Like all Kryptonians, Jax-Ur is vulnerable to kryptonite and red solar radiation, which drains his powers. His virtual invulnerability offers no protection from mind control or magic, nor can it fully withstand the force of an atomic explosion or the force of opponents with greater strength and durability such as Doomsday. His superhuman strength is inferior to beings such as Doomsday and his superhuman speed is inferior to speedsters such as the Flash.

==Other versions==
An alternate dream world incarnation of Jax-Ur appears in "For the Man Who Has Everything". This version became a martyr after inspiring a group of protestors who consider his imprisonment in the Phantom Zone to be cruel and unusual punishment and seek to free him.

==In other media==
===Television===
- Jax-Ur, with elements of General Zod, appears in Superman: The Animated Series, voiced by Ron Perlman.
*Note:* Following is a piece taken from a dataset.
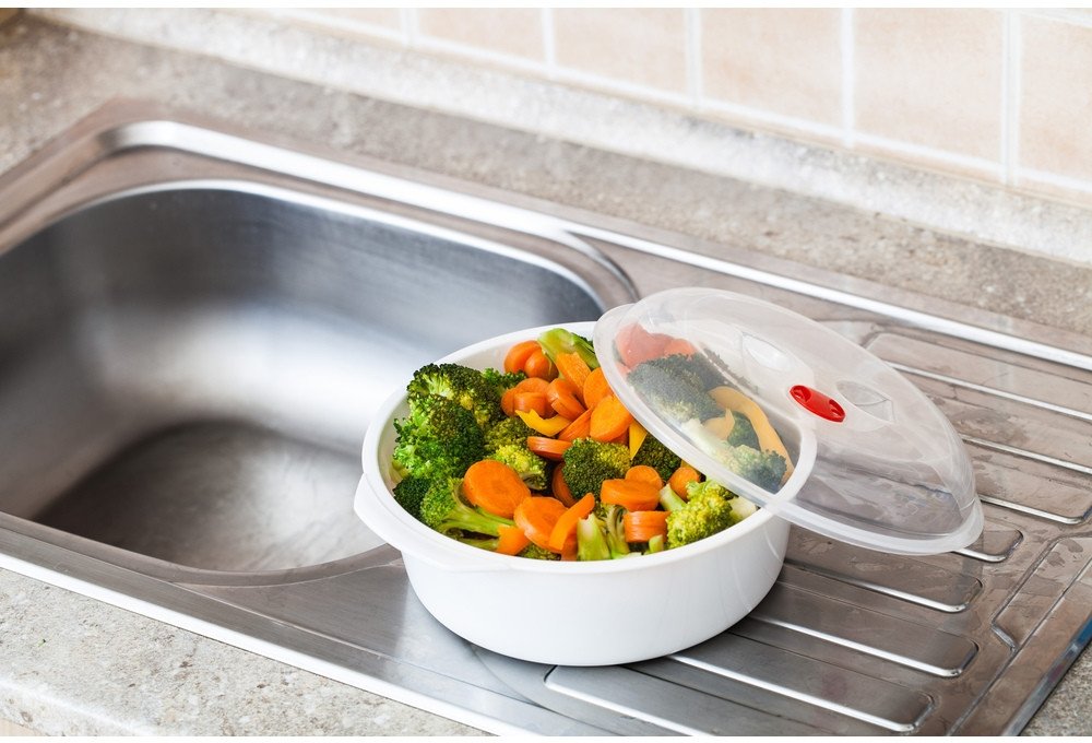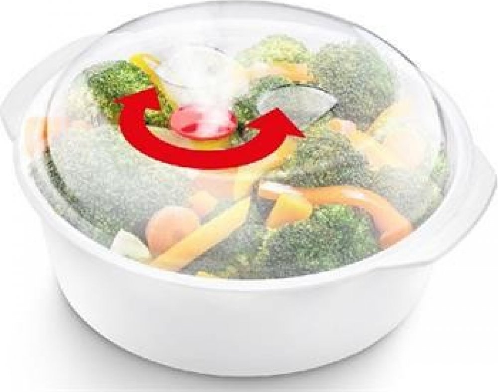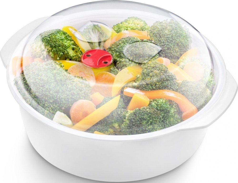 Multifunkční odolná plastová nádoba určena také pro ohřev v mikrovlnné troubě, součástí nádoby je těsnící víko s parním průduchem a parní mřížka.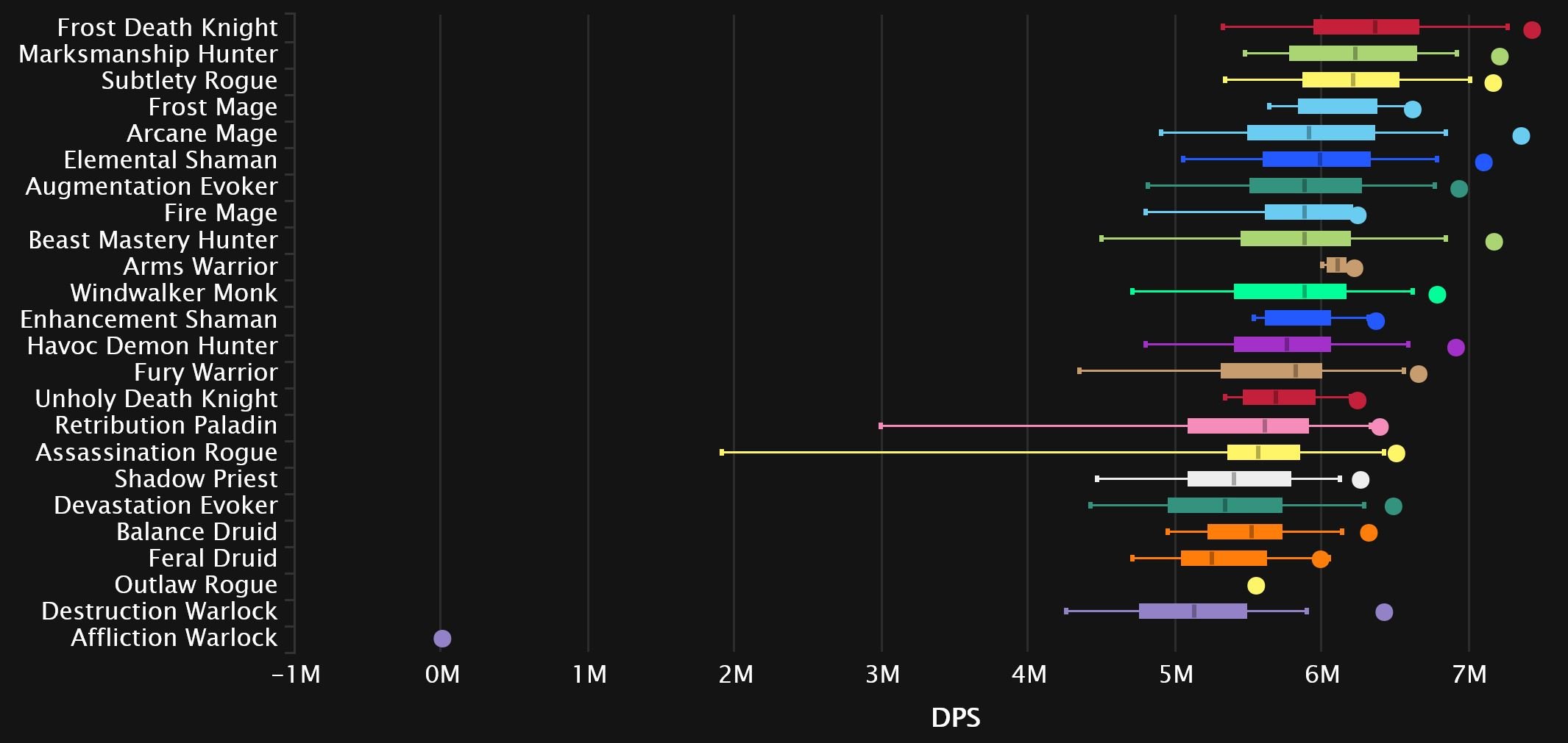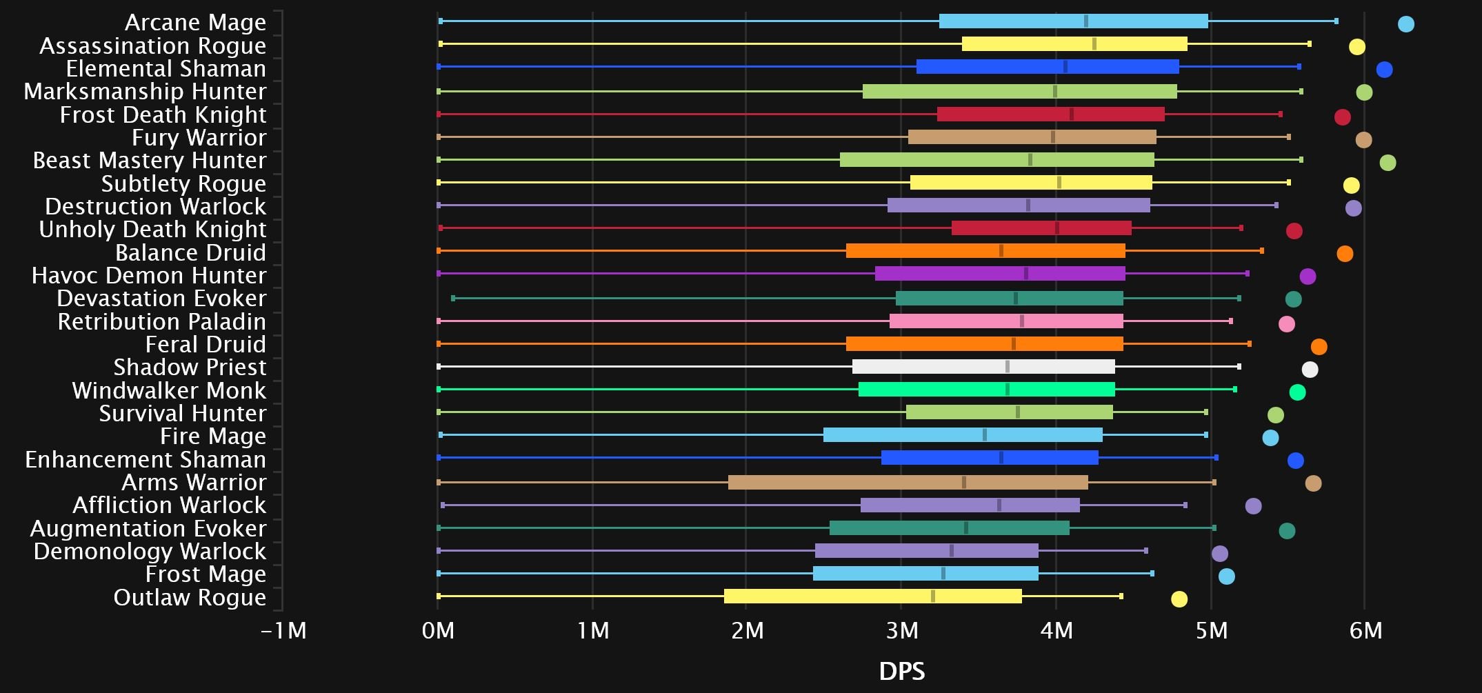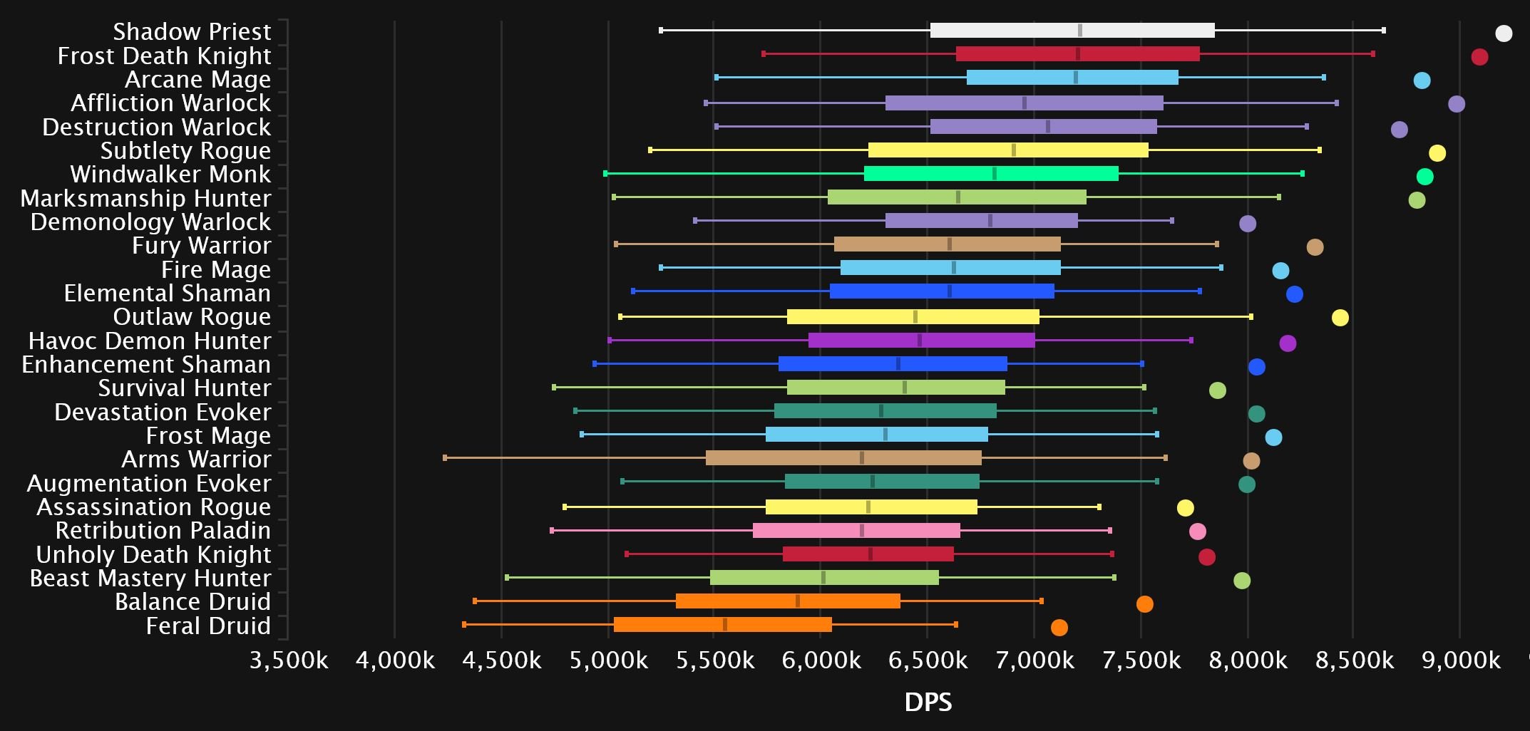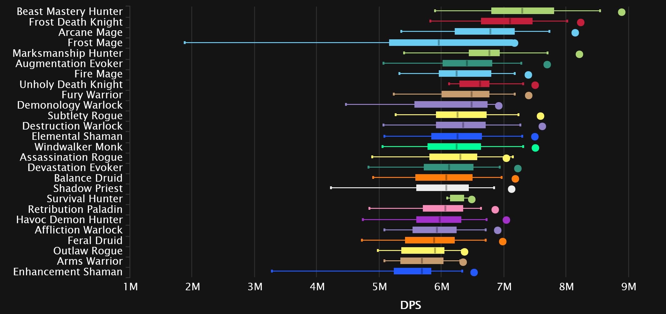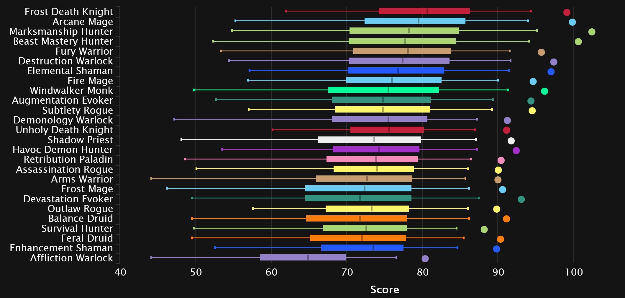 Windwalker and Fire switch spots as the Monk comes out on top in 8th, while Augmentation continues its rise and makes it into the top 10! Affliction is suffering from Dimensius syndrome, as the spec’s performance on the final boss tanks its overall rating. And while it’s not quite as bad as Unholy’s 0 DPS boosted char we’ve seen the last few weeks, it’s still enough to drag it down to dead last. Survival joins Enhancement in the bottom 3 this time, as Outlaw pulls itself out for now.

This version is a High General and military genius who sought to overthrow Krypton's Science Council years prior to the series, only to be foiled by Jor-El and sentenced to life imprisonment in the Phantom Zone while his co-conspirator, Mala, was sentenced to 30 years. In the two-part episode "Blasts from the Past", Superman frees Mala, believing she had reformed after completing her sentence, but she later frees Jax-Ur after learning of the powers they gain from a yellow sun. Together, they go on a rampage until Superman and his allies send them back to the Phantom Zone. As of the episode "Absolute Power", Jax-Ur and Mala escaped once more via a space rift, were rescued by alien voyagers, and took over their planet. Superman joins forces with a rebel movement to lure Jax-Ur and Mala into space, where they are pulled into a black hole.
- A female incarnation of Jax-Ur appears in Krypton, portrayed by Hannah Waddingham. Formerly known as Sela-Sonn, this version is the leader of the Black Zero terrorist organization and former member of Krypton's Science Guild who forms an alliance with a time-travelling Dru-Zod, among others, to defend Krypton against Brainiac while serving as a mother figure to the clone Nyssa-Vex. Following Dru's rise to power and Black Zero's disbandment, Jax-Ur becomes co-leader of a resistance movement against him alongside Val-El, but is banished from the group after executing Dru's mother, Lyta-Zod.
- Jax-Ur appears in Young Justice, voiced by Andrew Kishino.
- Dax-Ur appears in Smallville, episode: "Persona" (s7e10), portrayed by Marc McClure.

===Film===
Jax-Ur appears in Man of Steel, portrayed by Mackenzie Gray. This version is the lead scientist of General Zod's battalion, the Sword of Rao.

===Video games===
Jax-Ur appears as a character summon in Scribblenauts Unmasked: A DC Comics Adventure.

===Miscellaneous===
- Jax-Ur appears in the novel "The Last Days of Krypton", by Kevin J. Anderson. This version is a historical figure from Krypton's past who tried to take over the planet and destroyed its moon, Koron, with a "Nova javelin", a nuclear weapon developed from alien technology. After being defeated by the "Seven Armies" coalition, led by Jor-El's ancestor Sor-El, and assassinated by a former underling, Jax-Ur's actions influenced Krypton's policy towards alien or innovative science.
- The Superman: The Animated Series incarnation of Jax-Ur appears in Superman Adventures.
- The Superman: The Animated Series incarnation of Jax-Ur appears in Justice League Unlimited #34 as a member of General Zod's army who was sent to the Phantom Zone.
- The Superman: The Animated Series incarnation of Jax-Ur appears in the Justice League Beyond 2.0 tie-in comic book. While in the Phantom Zone, he manipulates a young boy he named Zod-Ur, who possesses telekinesis and the ability to control most Kryptonian technology, and Superman into facilitating their escape in the hopes of leading their fellow inmates in conquering Earth. However, the pair are defeated by Superman and the Justice League.